Вычислим частоту каждого символа в корпусе имен динозавров

In [5]:
chars = [char for name in names for char in name]
freq = nltk.FreqDist(chars)

In [6]:
freq

FreqDist({'a': 2487, 's': 2285, 'u': 2123, 'o': 1710, 'r': 1704, '<': 1536, '>': 1536, 'n': 1081, 'i': 944, 'e': 913, ...})

In [7]:
print(list(freq.keys()))

['<', 'a', 'c', 'h', 'e', 'n', 'o', 's', 'u', 'r', '>', 'd', 'y', 'x', 'b', 'l', 'i', 't', 'p', 'v', 'm', 'g', 'f', 'j', 'k', 'w', 'z', 'q']


In [8]:
freq.most_common(10)

[('a', 2487),
 ('s', 2285),
 ('u', 2123),
 ('o', 1710),
 ('r', 1704),
 ('<', 1536),
 ('>', 1536),
 ('n', 1081),
 ('i', 944),
 ('e', 913)]

Define a function to estimate probabilty of character

In [9]:
l = sum([freq[char] for char in freq])
def unigram_prob(char):
    return freq[char] / l

In [10]:
print('p(a) = %1.4f' %unigram_prob('a'))

p(a) = 0.1160


Вычислим условную вероятность каждого символа в зависимости от того, какой символ стоял на предыдущей позиции.

In [11]:
cfreq = nltk.ConditionalFreqDist(nltk.bigrams(chars))

In [12]:
cfreq['a']

FreqDist({'u': 791, 'n': 347, 't': 204, 's': 171, 'l': 138, '>': 138, 'r': 124, 'c': 100, 'p': 89, 'm': 68, ...})

Оценим условные вероятности с помощью MLE.

In [13]:
cprob = nltk.ConditionalProbDist(cfreq, nltk.MLEProbDist)

In [14]:
print('p(a a) = %1.4f' %cprob['a'].prob('a'))
print('p(a b) = %1.4f' %cprob['a'].prob('b'))
print('p(a u) = %1.4f' %cprob['a'].prob('u'))

p(a a) = 0.0044
p(a b) = 0.0097
p(a u) = 0.3181


In [15]:
cprob['a'].generate()

'u'

### Задание 1.
a.

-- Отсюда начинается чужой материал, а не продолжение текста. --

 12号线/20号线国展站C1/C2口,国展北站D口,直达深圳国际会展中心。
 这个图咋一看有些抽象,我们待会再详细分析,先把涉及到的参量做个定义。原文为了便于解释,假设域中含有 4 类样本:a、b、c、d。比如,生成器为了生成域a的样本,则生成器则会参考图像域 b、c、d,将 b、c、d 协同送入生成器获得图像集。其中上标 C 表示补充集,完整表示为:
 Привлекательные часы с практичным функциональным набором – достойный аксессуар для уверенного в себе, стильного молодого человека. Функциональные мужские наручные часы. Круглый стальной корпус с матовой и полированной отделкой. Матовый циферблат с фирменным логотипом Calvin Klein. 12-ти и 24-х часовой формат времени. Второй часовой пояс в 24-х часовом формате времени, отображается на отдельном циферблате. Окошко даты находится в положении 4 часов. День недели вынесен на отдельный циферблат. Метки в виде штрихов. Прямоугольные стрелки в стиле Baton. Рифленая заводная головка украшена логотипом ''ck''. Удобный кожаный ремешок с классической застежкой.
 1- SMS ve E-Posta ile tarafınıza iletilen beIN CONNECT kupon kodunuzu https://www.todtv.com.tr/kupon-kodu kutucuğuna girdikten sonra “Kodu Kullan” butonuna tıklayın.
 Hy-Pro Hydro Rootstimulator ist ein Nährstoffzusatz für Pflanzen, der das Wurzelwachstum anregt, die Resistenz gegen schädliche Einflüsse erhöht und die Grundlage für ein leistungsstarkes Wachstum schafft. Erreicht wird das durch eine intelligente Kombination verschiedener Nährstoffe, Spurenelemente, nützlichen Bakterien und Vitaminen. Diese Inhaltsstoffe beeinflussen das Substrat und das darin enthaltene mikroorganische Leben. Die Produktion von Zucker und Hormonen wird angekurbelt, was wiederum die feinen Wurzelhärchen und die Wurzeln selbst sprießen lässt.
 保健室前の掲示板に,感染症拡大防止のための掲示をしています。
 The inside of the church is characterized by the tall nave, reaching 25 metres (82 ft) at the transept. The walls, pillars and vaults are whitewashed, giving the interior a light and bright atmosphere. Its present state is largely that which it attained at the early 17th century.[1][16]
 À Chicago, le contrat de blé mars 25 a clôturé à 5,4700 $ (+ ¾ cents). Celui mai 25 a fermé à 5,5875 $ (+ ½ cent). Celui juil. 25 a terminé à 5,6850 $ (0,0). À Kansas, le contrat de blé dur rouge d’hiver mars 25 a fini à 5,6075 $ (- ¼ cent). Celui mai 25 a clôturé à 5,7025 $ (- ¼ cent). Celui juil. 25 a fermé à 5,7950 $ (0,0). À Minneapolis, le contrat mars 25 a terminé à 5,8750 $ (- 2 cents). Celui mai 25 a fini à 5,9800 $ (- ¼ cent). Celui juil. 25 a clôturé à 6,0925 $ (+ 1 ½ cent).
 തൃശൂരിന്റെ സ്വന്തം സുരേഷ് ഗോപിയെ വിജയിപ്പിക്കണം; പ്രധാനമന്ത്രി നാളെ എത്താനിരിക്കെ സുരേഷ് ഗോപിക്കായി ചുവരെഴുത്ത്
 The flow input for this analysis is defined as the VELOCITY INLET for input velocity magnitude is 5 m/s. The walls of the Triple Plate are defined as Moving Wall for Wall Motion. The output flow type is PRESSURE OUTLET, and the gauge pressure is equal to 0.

Напишите функцию для генерации имени динозавра **фиксированной** длины. Используйте '<' в качестве начального символа имени.

б. Напишите функцию для генерации имен динозавров любой длины.

In [16]:
def generate_name(n=10):
    word = '<'
    #######

    return word

## Реккурентные нейронные сети (RNN)

Исходная последовательность:

$x_{1:n} = x_1, x_2, \ldots, x_n$, $x_i \in \mathbb{R}^{d_{in}}$

Для каждого входного значения $x_{1:i}$ получаем на выходе $y_i$:

$y_i = RNN(x_{1:i})$, $y_i \in \mathbb{R}^{d_{out}}$

Для всей последовательности $x_{1:n}$:

$y_{1:n} = RNN^{*}(x_{1:n})$, $y_i \in \mathbb{R}^{d_{out}}$

$R$ - рекурсивная функция активации, зависящая от двух параметров: $x_i$ и $s_{i-1}$ (вектор предыдущего состояния)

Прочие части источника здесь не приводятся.